> Exercise requirements
Omitting every picture, copy the lines from the one that contains "Jazz Festival Münster May 1990" through the last line of the records below, exactly and with nothing added.

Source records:
[Start of section]
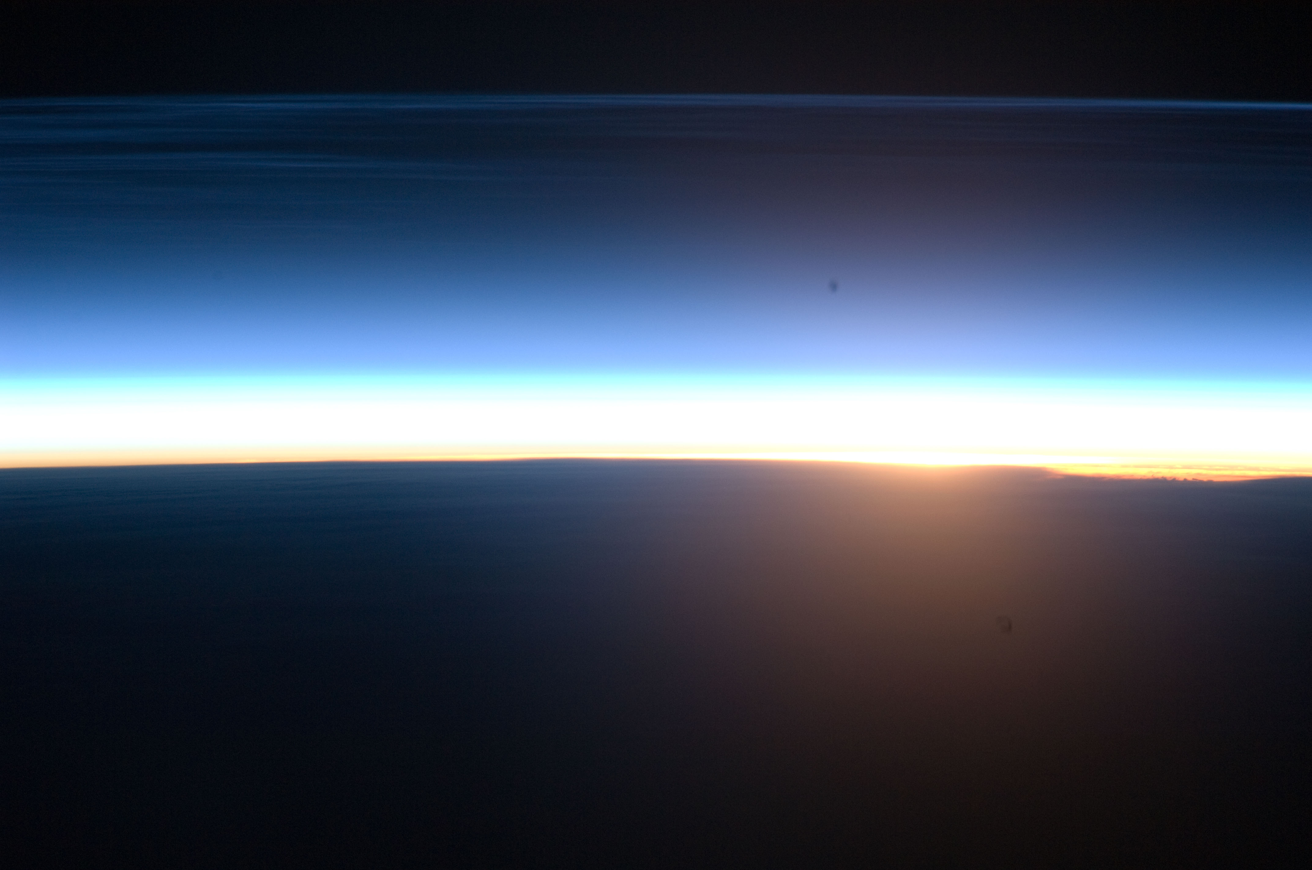 This unusual astronaut photograph shows polar mesospheric clouds illuminated by the rising, rather than setting Sun. Low clouds on the horizon appear yellow and orange, while higher clouds and aerosols (particles like dust and pollution) are illuminated a brilliant white. Polar mesospheric clouds appear as light blue ribbons extending across the top of the image. The ISS was located over the Greek island of Kos in the Aegean Sea (near the south-western coastline of Turkey) when the image was taken at approximately midnight local time. The ISS was tracking north-eastward, nearly parallel to the equator, making it possible to observe an apparent “sunrise” almost due north.
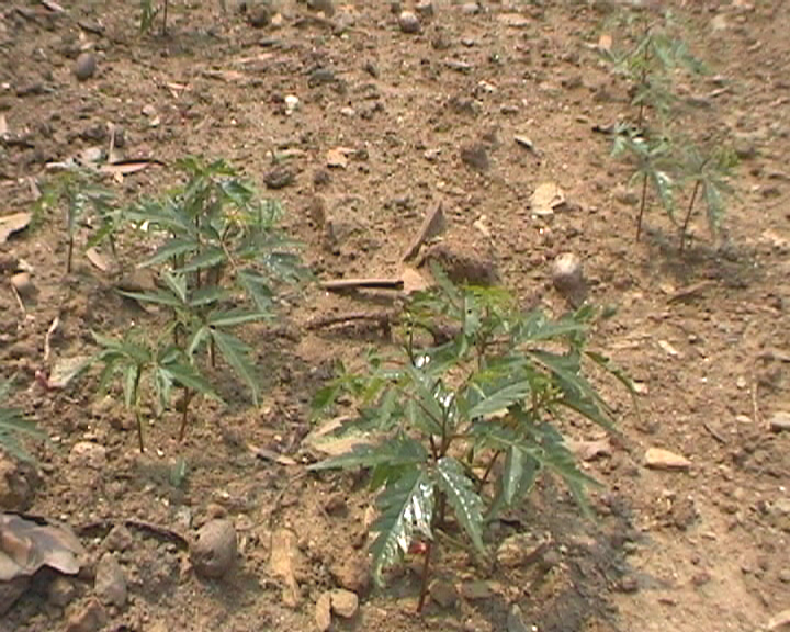 Choerospondias axillaris in Nepal
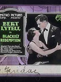 Poster for the American film Blackie's Redemption (1919).
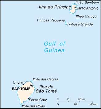 Map of Sao Tome and Principe, showing major towns.
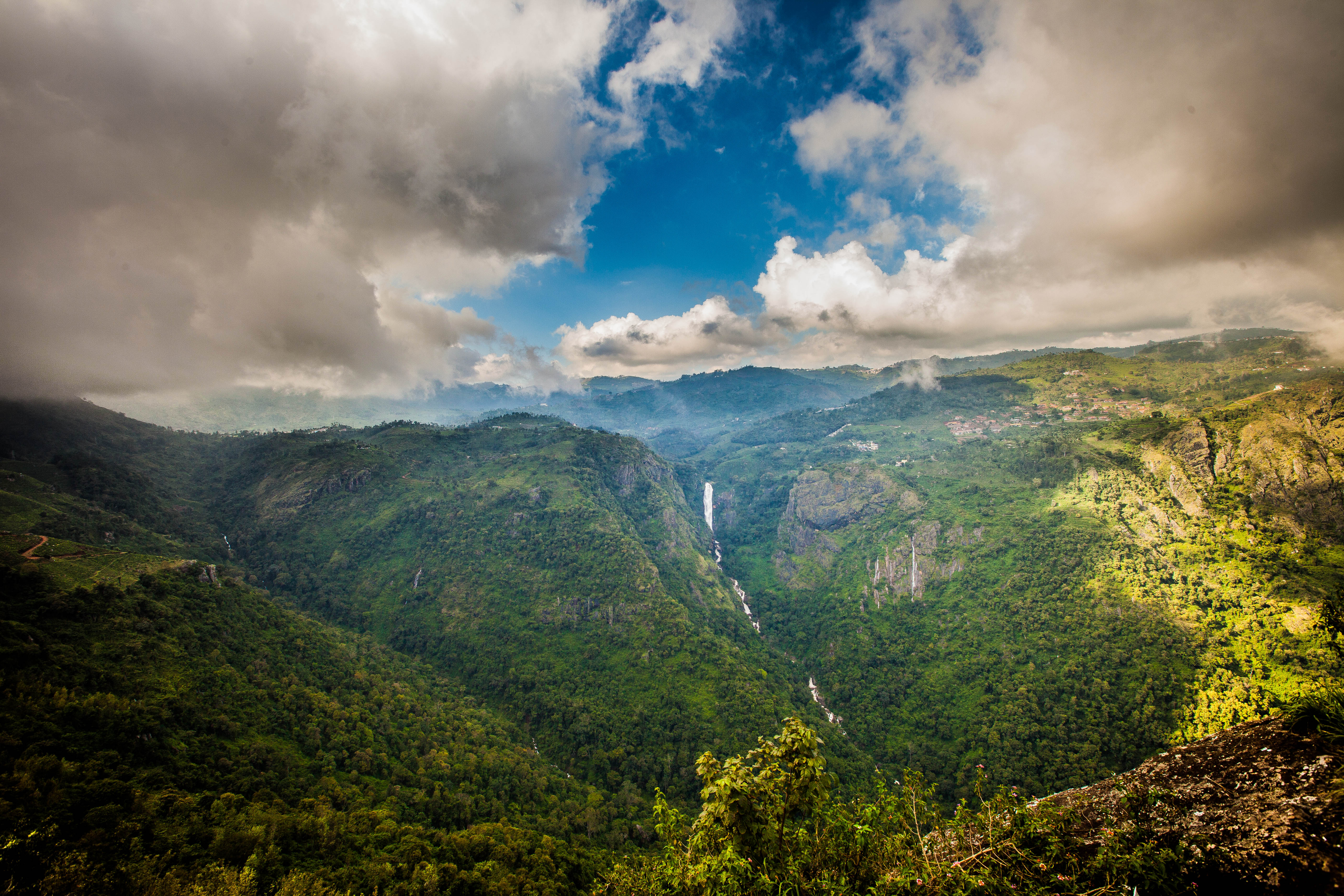 Magnificent panoramic view of the forest in Kallar Nellithorai basin.
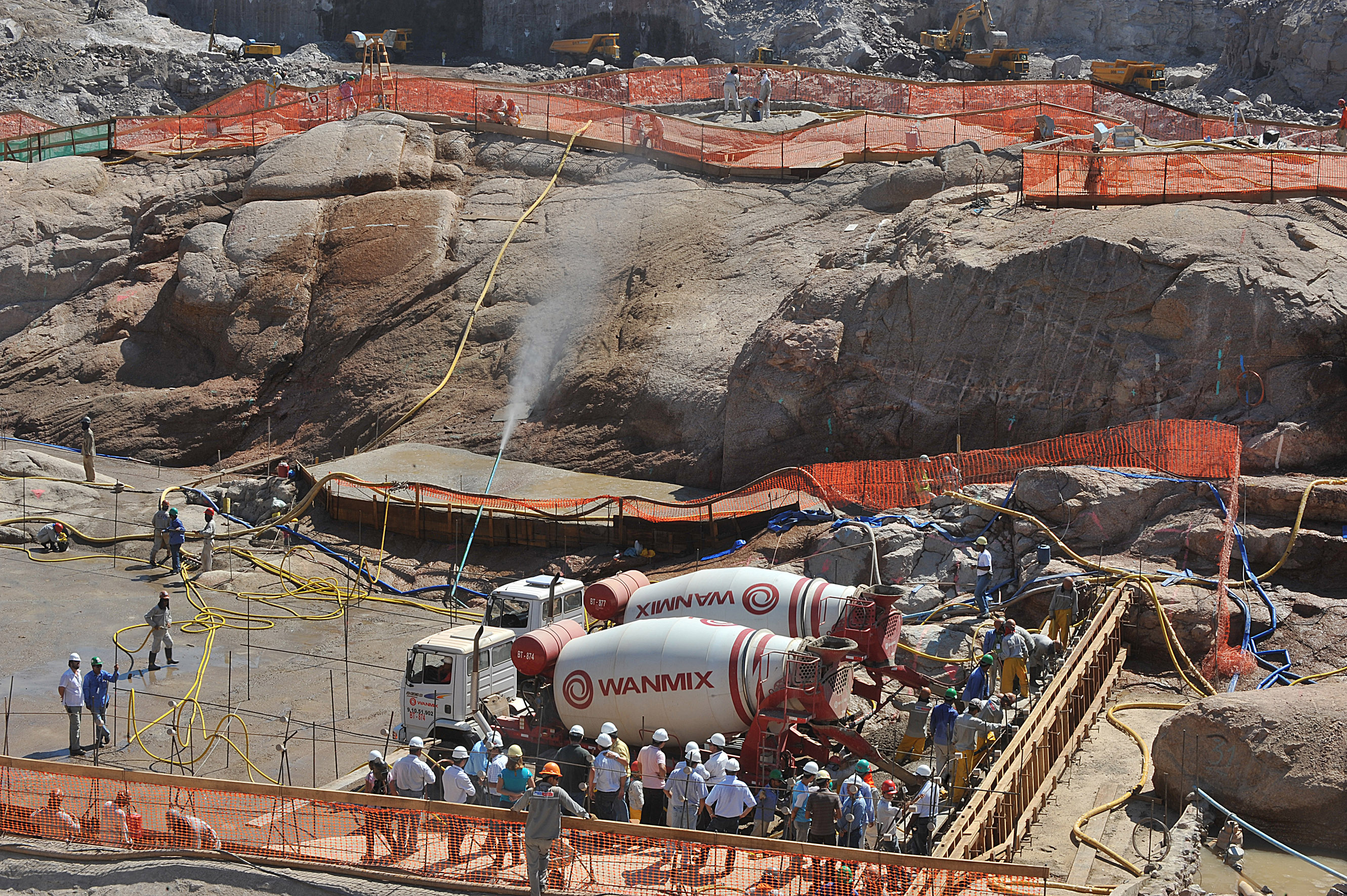 Workers in Santo Antônio Dam.
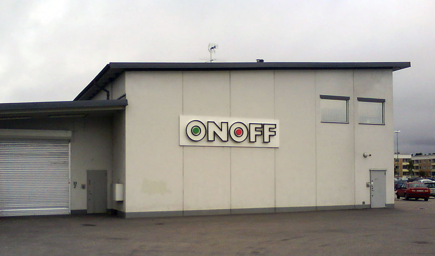 the backside of Onoff in Lidköping, Sweden
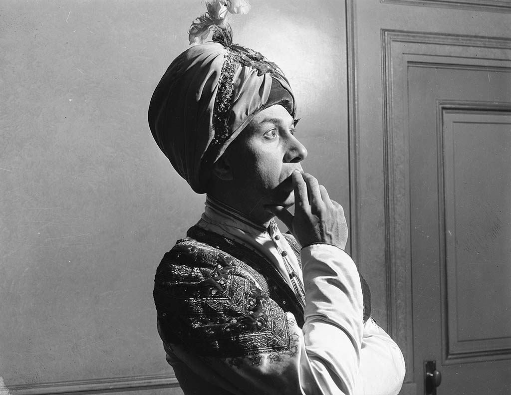 Actor Jose Ferrer in costume at Maple Leaf Gardens, Toronto, Ontario, Canada.
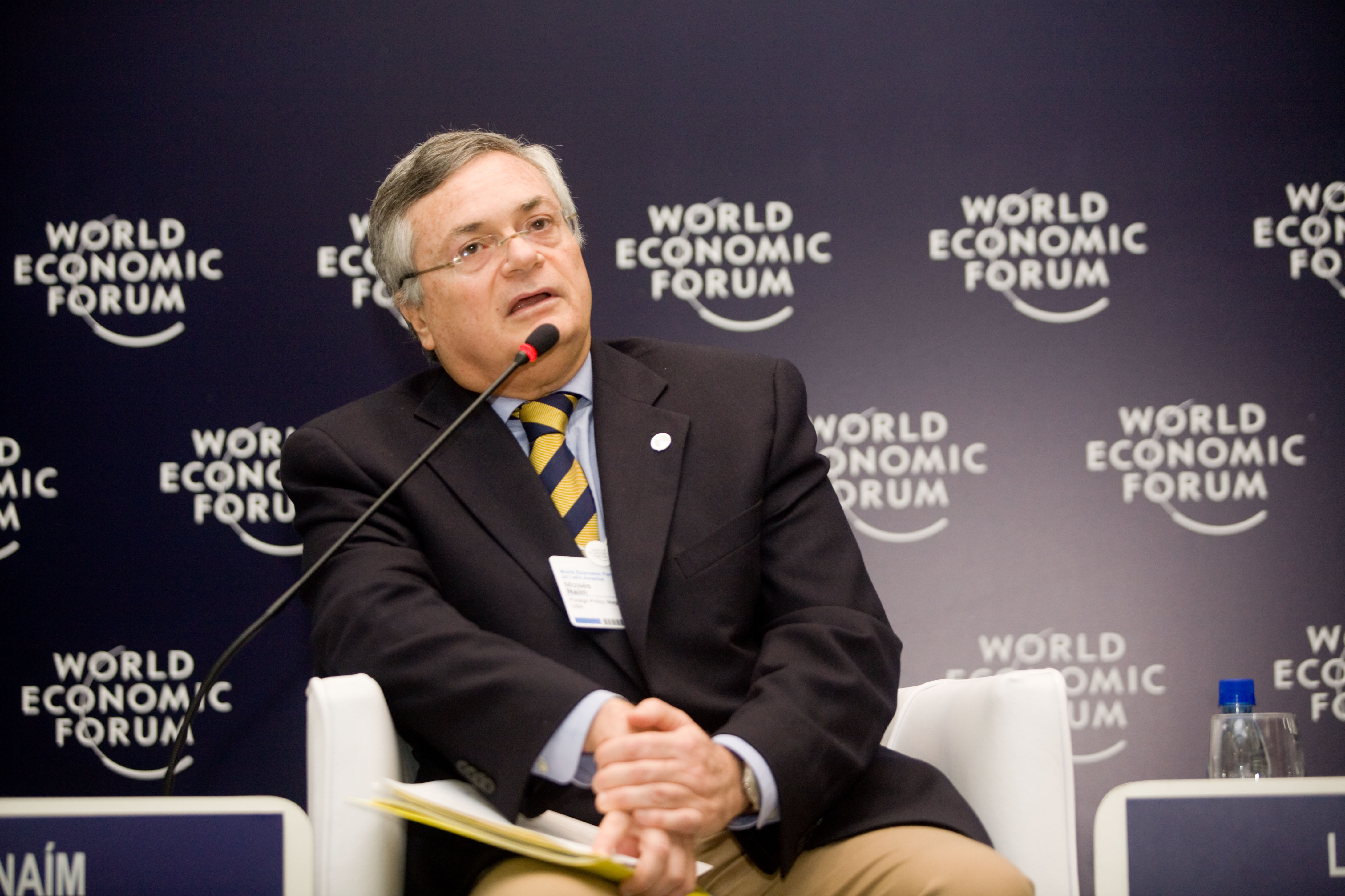 Moisés Naím, Venezuelan economist, speaking at the World Economic Forum on Latin America 2009 in Rio de Janeiro, Brazil.
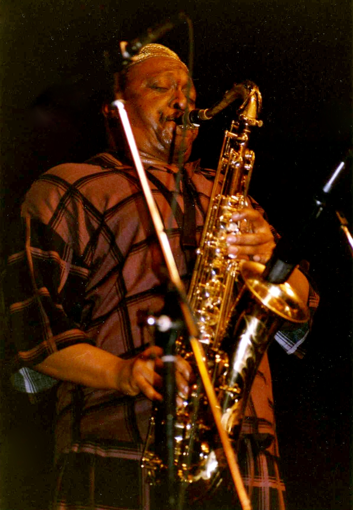 Jazz Festival Münster May 1990
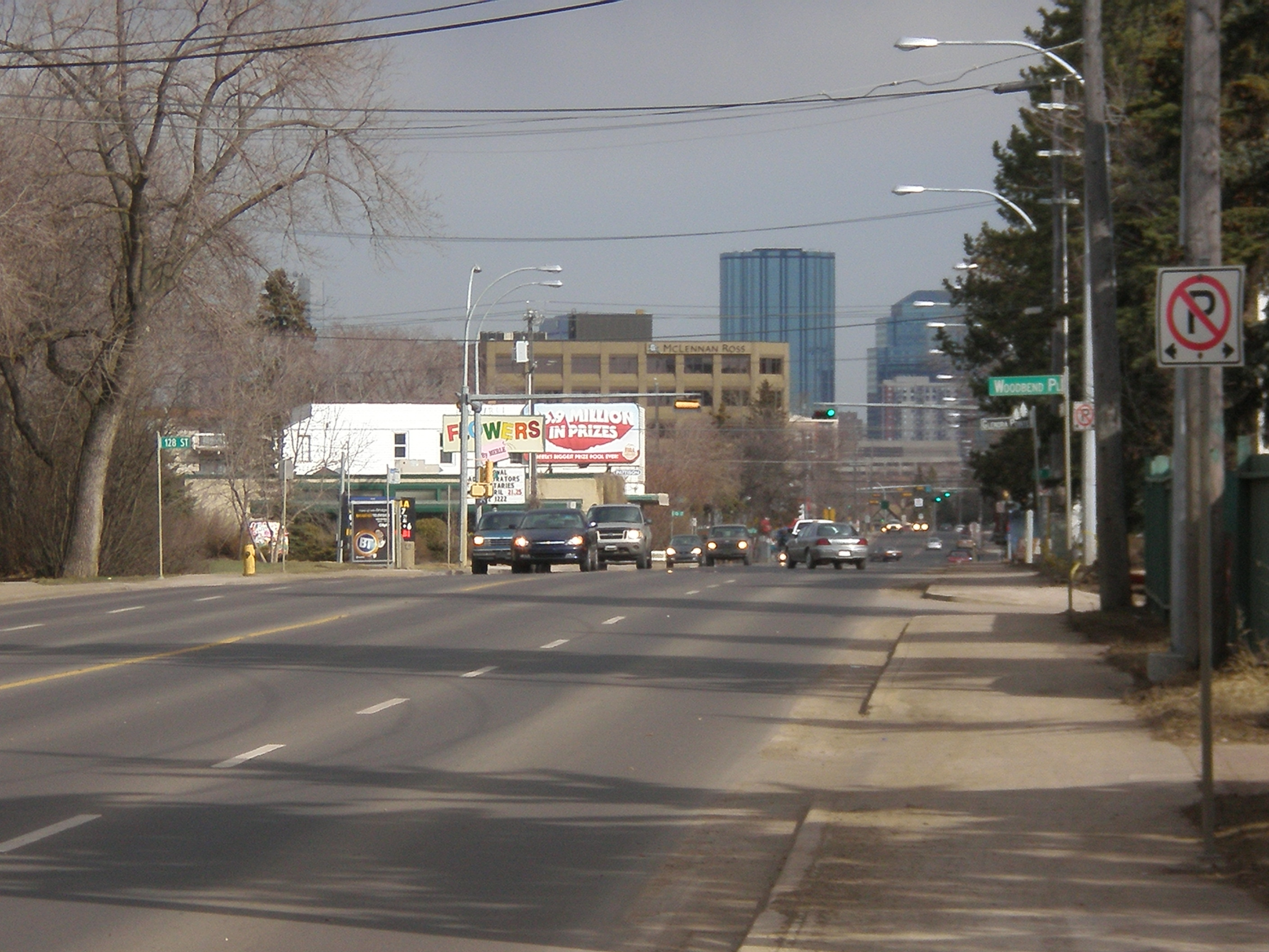 Stony Plain Road, Edmonton, AB, Canada. Looking east from the west end of town towards the downtown. Spring, 2008.
[End of section]
> Task answer
 Jazz Festival Münster May 1990
 Stony Plain Road, Edmonton, AB, Canada. Looking east from the west end of town towards the downtown. Spring, 2008.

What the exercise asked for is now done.